Create backup CronJob:

# Save as: k8s/base/control-center-backup-cronjob.yaml
apiVersion: batch/v1
kind: CronJob
metadata:
name: control-center-db-backup
namespace: hq
spec:
schedule: "0 2 * * *" # Daily at 2 AM
jobTemplate:
spec:
template:
spec:
containers:
- name: backup
image: postgres:15-alpine
command:
- /bin/sh
- -c
- |
pg_dump -h control-center-db -U postgres control_center | \
gzip > /backup/control_center_$(date +%Y%m%d_%H%M%S).sql.gz
env:
- name: PGPASSWORD
valueFrom:
secretKeyRef:
name: control-center-db-secret
key: password
volumeMounts:
- name: backup-storage
mountPath: /backup
volumes:
- name: backup-storage
persistentVolumeClaim:
claimName: backup-pvc
restartPolicy: OnFailure

Apply:

kubectl apply -f k8s/base/control-center-backup-cronjob.yaml

Restore Procedure

From Local Backup:

# Copy backup to pod
kubectl cp control_center_backup.sql hq/$DB_POD:/tmp/

# Restore
kubectl exec -n hq $DB_POD -- psql -U postgres control_center < /tmp/control_center_backup.sql

Full Restore Process:

# 1. Stop control-center
kubectl scale deployment control-center --replicas=0 -n hq

# 2. Drop and recreate database
kubectl exec -n hq $DB_POD -- psql -U postgres -c "DROP DATABASE IF EXISTS control_center;"
kubectl exec -n hq $DB_POD -- psql -U postgres -c "CREATE DATABASE control_center;"

# 3. Restore from backup
cat control_center_backup.sql | kubectl exec -i -n hq $DB_POD -- psql -U postgres control_center

# 4. Verify tables exist
kubectl exec -n hq $DB_POD -- psql -U postgres control_center -c "\dt"

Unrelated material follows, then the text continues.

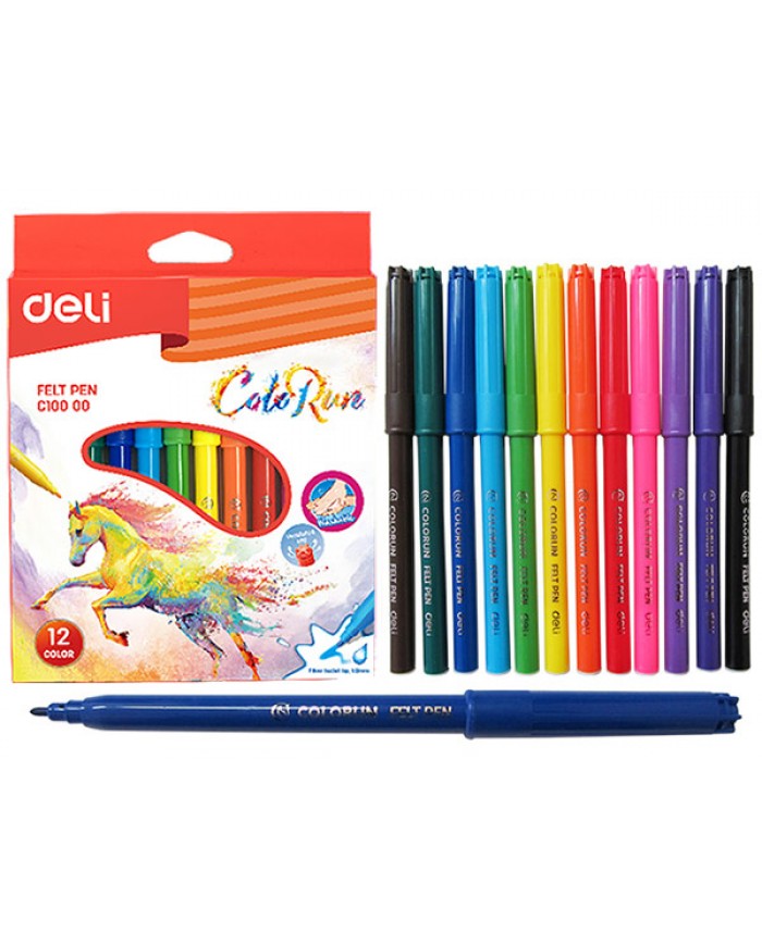 Фломастеры 12 цветов ColoRun, Deli, чернила смываемые, яркие цвета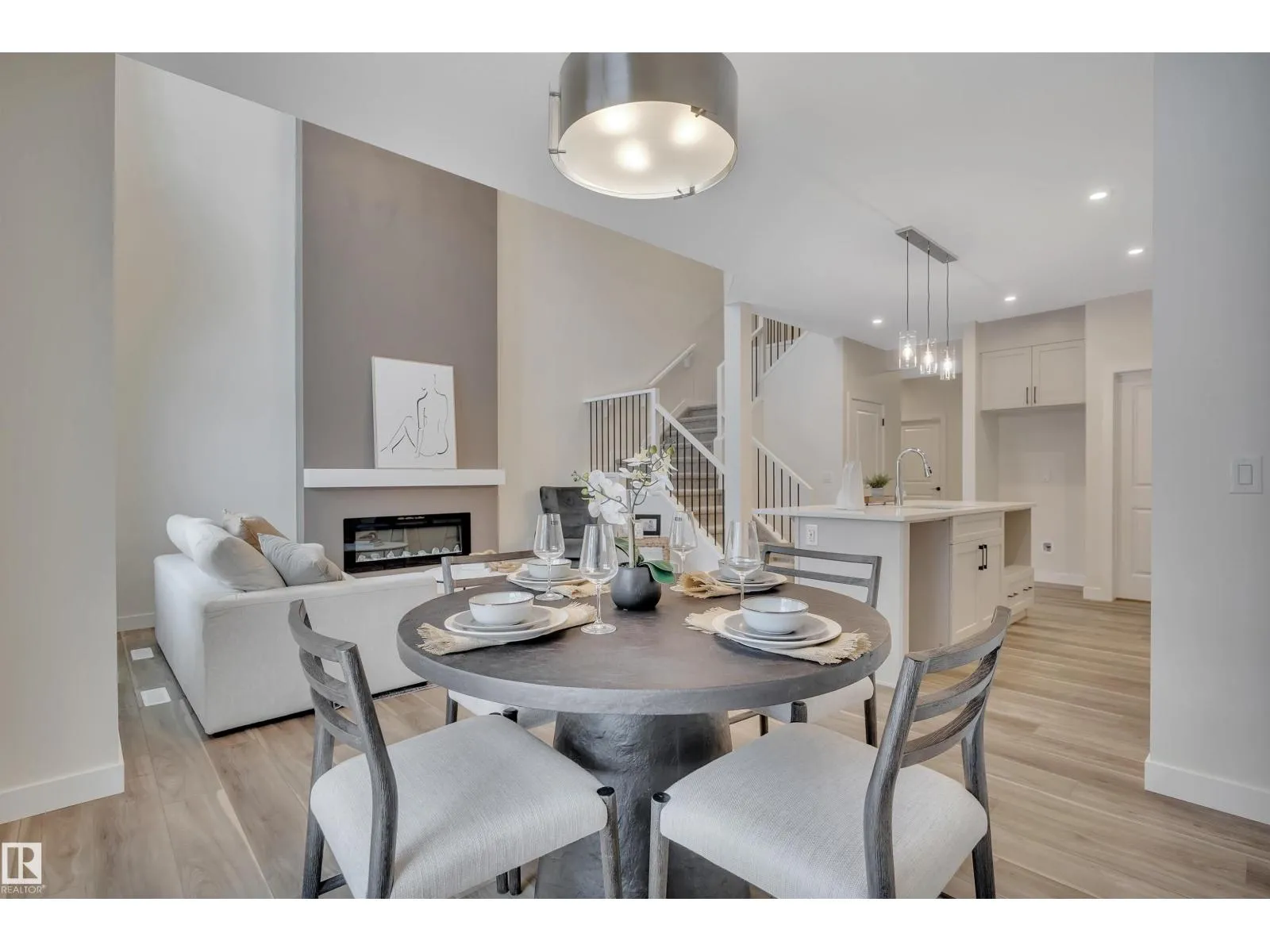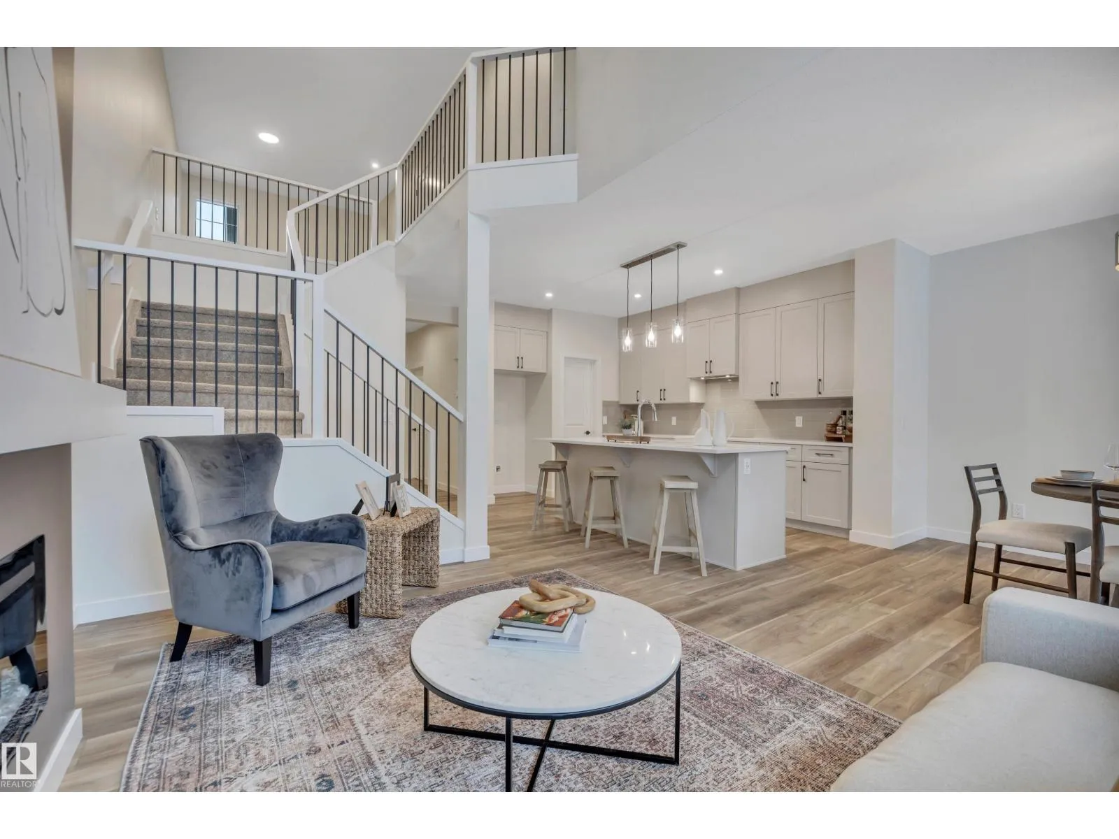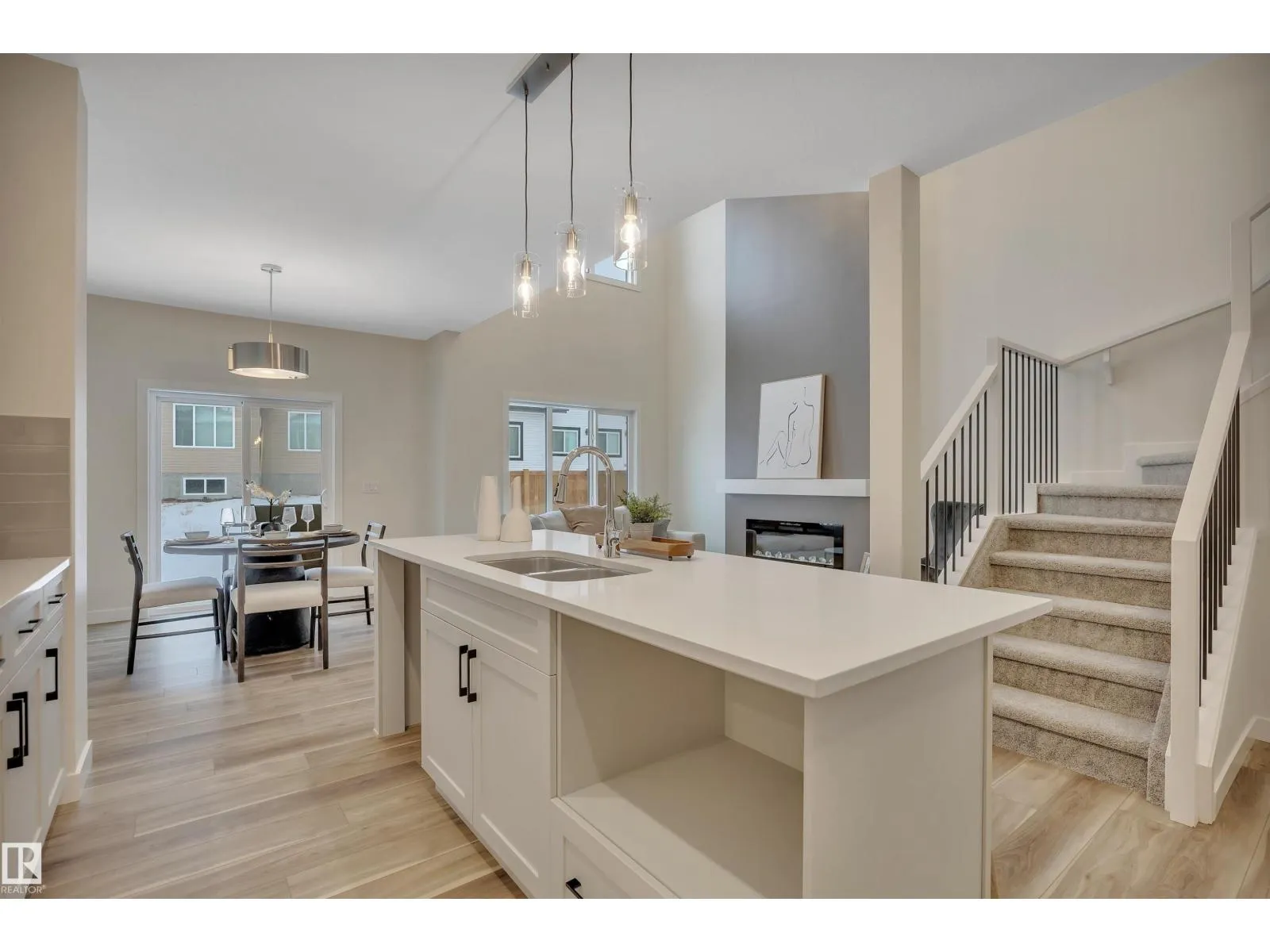 Victor by San Rufo Homes offers an inviting ambiance that welcomes you upon entry. Main floor features open design that flows effortlessly from the kitchen to dining nook & great room. Spacious island with eating ledge serves as the heart of the area, ideal for everything from morning meals to evening conversations. Aptly placed walk-thru pantry next to mudroom keeps kitchen tidy & simplifies grocery runs. Fireplace enhances the great room's charm, while the soaring ceilings bring an airy, bright feeling that connects to upper level. Second floor has versatile bonus room perfect for movie nights, gaming, & is nestled between the primary suite & other bdrms. Primary Bdrm showcases a walk-in closet & big ensuite with dual sinks, soaking tub, & shower. Other bdrms boast it's own walk-in closet & built-in study nook, creating designated areas for creativity. Full bath & laundry rm close to all bedrooms complete the layout. Conveniently located near Edmonton Int Airport, outlet malls, and Nisku. (id:27476)

# 5. Restart control-center
kubectl scale deployment control-center --replicas=1 -n hq

# 6. Verify
curl https://control-center.egintegrations.com/api/engines

# 7. Post status in Slack
# Post in #alerts-info: "Database restored successfully from backup"

Client Databases

Backup Individual Client Database

# Get database pod for client
DB_POD=$(kubectl get pods -n client-{client-slug} -l app=postgres -o jsonpath='{.items[0].metadata.name}')

# Create backup
kubectl exec -n client-{client-slug} $DB_POD -- pg_dump -U postgres `{db_name}` > `{client}`_backup_$(date +%Y%m%d).sql

Restore Client Database

# Copy backup to pod
kubectl cp `{client}`_backup.sql client-{client-slug}/$DB_POD:/tmp/

# Restore
kubectl exec -n client-{client-slug} $DB_POD -- psql -U postgres `{db_name}` < /tmp/`{client}`_backup.sql

Backup to Cloud Storage

S3/DigitalOcean Spaces

1. Create Backup Script

# Save as: scripts/backup-to-s3.sh
#!/bin/bash

TIMESTAMP=$(date +%Y%m%d_%H%M%S)
BACKUP_FILE="control_center_${TIMESTAMP}.sql.gz"
S3_BUCKET="s3://egi-platform-backups"

# Create backup
kubectl exec -n hq $DB_POD -- pg_dump -U postgres control_center | gzip > /tmp/$BACKUP_FILE

# Upload to S3
aws s3 cp /tmp/$BACKUP_FILE $S3_BUCKET/control-center/

# Clean up local file
rm /tmp/$BACKUP_FILE

# Keep only last 30 days
aws s3 ls $S3_BUCKET/control-center/ | \
awk '{print $4}' | \
sort -r | \
tail -n +31 | \
xargs -I {} aws s3 rm $S3_BUCKET/control-center/{}

# Post success notification to Slack
# (Use Slack webhook or API)

2. Make Executable

chmod +x scripts/backup-to-s3.sh

3. Schedule with Cron

# Add to crontab
crontab -e

# Add line:
0 3 * * * /Users/elliottgodwin/Desktop/egi-engine/scripts/backup-to-s3.sh

Disaster Recovery

Complete Platform Restore

Scenario: Complete cluster failure, need to restore everything

Prerequisites:

  • New Kubernetes cluster
  • Latest backups available
  • Access credentials

Alert Team: Post in Slack #alerts-critical: "Starting disaster recovery procedure"

Steps:

  1. Restore Infrastructure

    # Apply base manifests
    kubectl apply -f k8s/base/

    # Install Argo CD
    # (See main setup docs)
  2. Restore Database

    # Wait for database pod
    kubectl wait --for=condition=ready pod -l app=control-center-db -n hq --timeout=5m

    # Get pod name
    DB_POD=$(kubectl get pods -n hq -l app=control-center-db -o jsonpath='{.items[0].metadata.name}')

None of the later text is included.